Speed Is a Governance Decision

Attackers do not wait for your approval chain

A flaw becomes public. Within a day, attackers are moving. Security teams start counting exposed systems, legal starts asking for impact, operations starts worrying about downtime, and executives start hoping the issue is "contained." It rarely is.

That is the wrong frame. The real question is simpler. In your company, who is authorized to move faster than the attacker?

Dark Reading reported that a max-severity Ivanti flaw was exploited within 24 hours of disclosure, with signs that attackers had already mapped likely targets before the news was public. CISA, in a separate headline this week, rewrote federal patching requirements so agencies have three days to fix the most dangerous flaws. Those are two different stories. They point to the same lesson.

Speed is a governance choice as much as an IT metric.

A lot of executive teams still treat urgent remediation like a technical workflow. It is not. It is a pre-approved business decision about risk, authority, and interruption. If your team has to negotiate every emergency patch with every application owner, regional leader, and uptime-sensitive business unit, you do not have a patching process. You have a committee.

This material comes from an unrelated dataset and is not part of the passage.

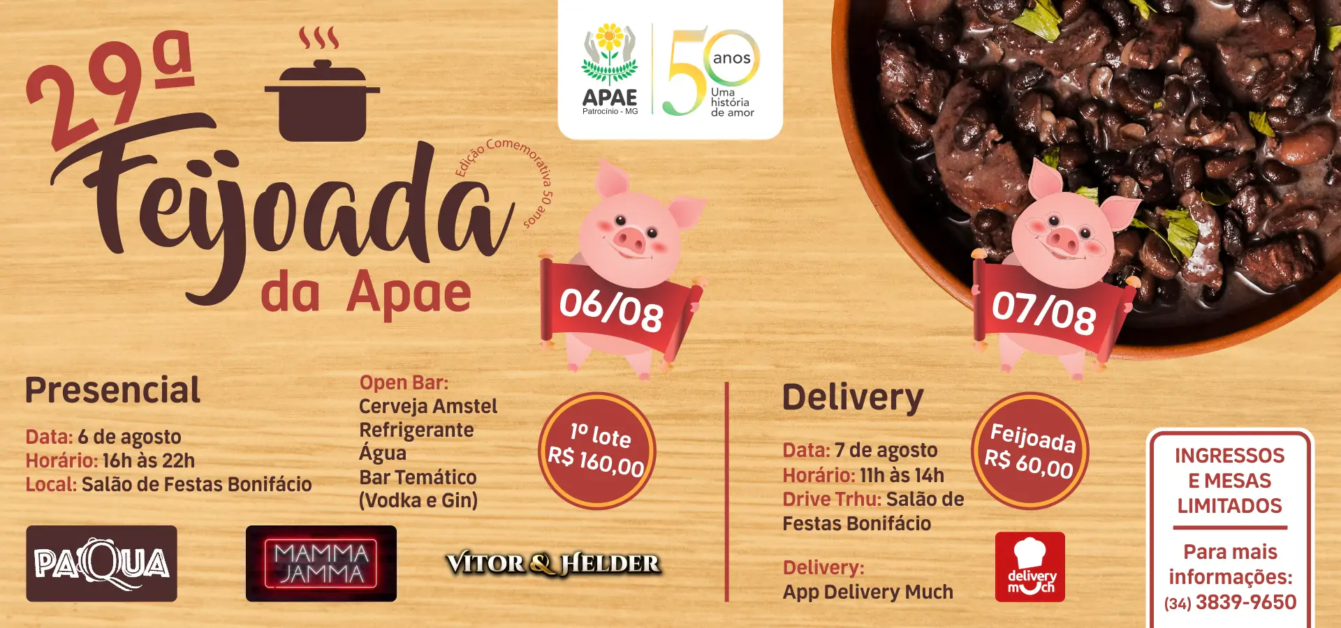29ª Feijoada da APAE estará comemorando os 50 anos da associação de Patrocínio. O evento irá acontecer de forma presencial no dia 6 de agosto e delivery no dia 7 de agosto.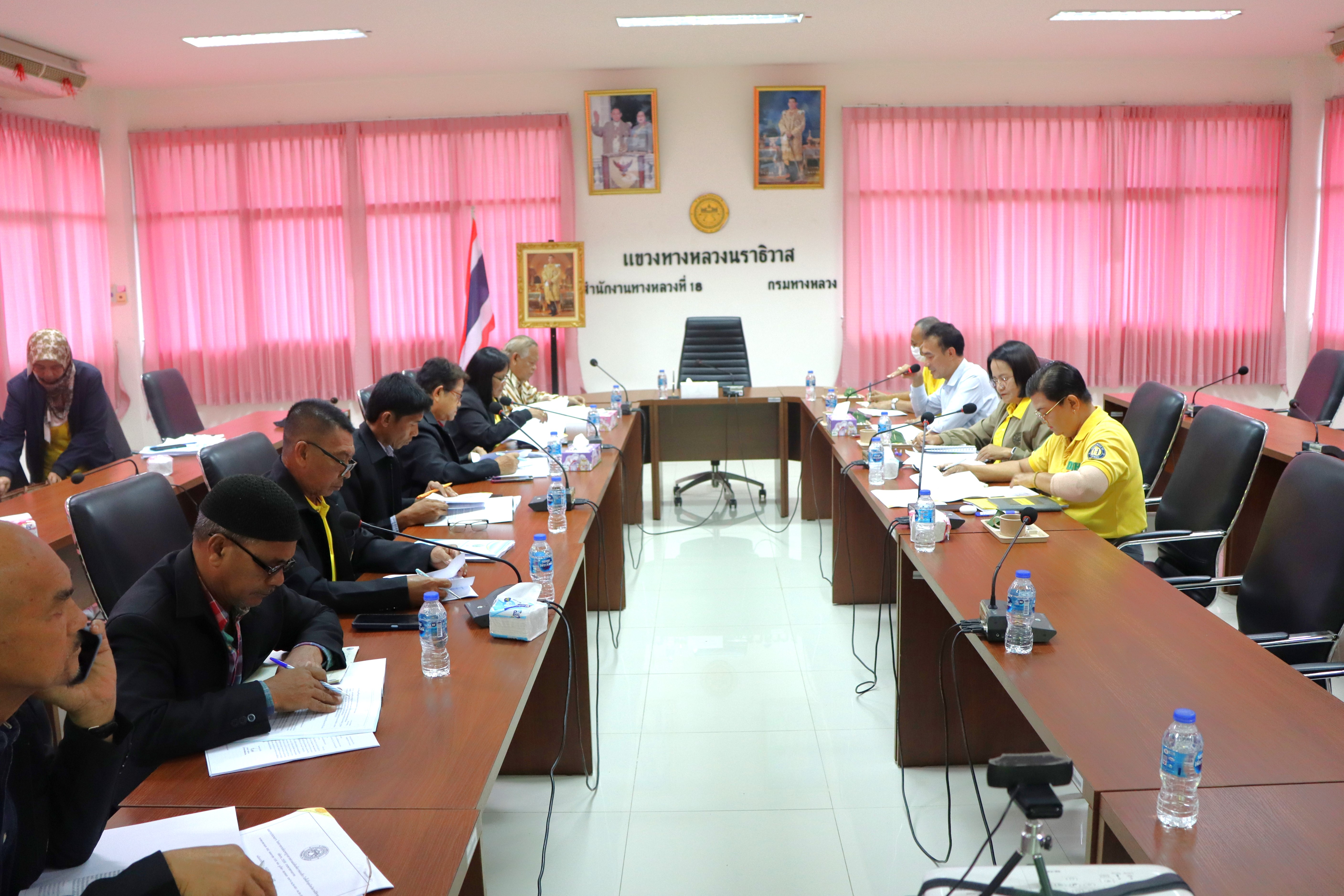 นายปฏิเวชวุฒิศักย์ สุขขี ผู้อำนวยการแขวงทางหลวงนราธิวาส มอบหมายให้นายจำลอง จันสุข รองผู้อำนวยการแขวงทางหลวงนราธิวาส (ฝ่ายปฏิบัติการ) นางอรัญญา เพ็ชรพูล รองผู้อำนวยการแขวงทางหลวงนราธิวาส (ฝ่ายบริหาร) นายวีระชัย ปัญญาเถิง ผู้อำนวยการหมวดทางหลวงอาวุโสนราธิวาส นางอุบลวรรณ วั่นเซ่ง หัวหน้างานพัสดุและสัญญา นายณพงศธร อิสสราวงศ์ หัวหน้างานวางแผน นางสาววรนุช สุขไสย นักวิชาการพัสดุชำนาญการ ร่วมกับคณะกรรมการธรรมาภิบาลจังหวัดนราธิวาส (ก.ธ.จ. นราธิวาส) ร่วมประชุมและติดตามแผนการดำเนินงานงบประมาณกลุ่มจังหวัดฯ ประจำปีงบประมาณ 2567 โดยมีการติดตามแผนการดำเนินงาน และการดำเนินงานการจัดซื้อจัดจ้าง ณ ห้องประชุม ชั้น 3 แขวงทางหลวงนราธิวาส

Attackers love committees. They know exactly what happens inside large organizations when a disruptive decision must be made quickly. Meetings appear. Exceptions multiply. Someone asks for more validation. Someone else asks whether there is evidence of active targeting in your sector. By then, the window is gone.

You have seen this movie before. Different vendor. Different flaw. Same ending.

The leadership mistake is not failing to predict every zero-day. That is fantasy. The mistake is failing to decide, in advance, what the company values more in the first 72 hours of uncertainty: temporary friction or avoidable exposure.

That decision belongs above the CISO. It belongs with the executive team and the board committee that oversees operational risk. Why? Because emergency remediation can interrupt revenue, service delivery, and customer experience. If leaders want speed when it matters, they must bless the tradeoff before the crisis arrives.

What would a smart executive do differently? First, define a narrow set of triggers that automatically authorize emergency action. Not discussion. Action. Second, make sure the people running infrastructure, customer operations, communications, and legal all know the same playbook. Third, measure time to decision, not just time to patch.

That last one matters more than most dashboards admit. A company can have excellent engineers and still lose days waiting for permission. If your internal approvals take longer than the attacker's reconnaissance cycle, your technical capability is beside the point.

This is also where boards need to mature. Too many still ask whether management is "patched up" in the abstract. That question is useless. The better question is this: when a severe issue emerges on a Friday afternoon, what powers has management already delegated so the company can act before Monday's status meeting?

You do not need perfect asset visibility to improve this. You do not need a new slogan. You need decision rights that work under pressure.

The Ivanti story will be filed as another fast-moving exploit. It is more valuable than that. It is a reminder that the first contest is not between your tools and theirs. It is between their speed and your bureaucracy.

A flaw becomes public. Within a day, attackers are moving. That scene is no longer exceptional. Plan like it.

Pre-authorize the hard calls. Measure decision latency. If speed matters, govern for it.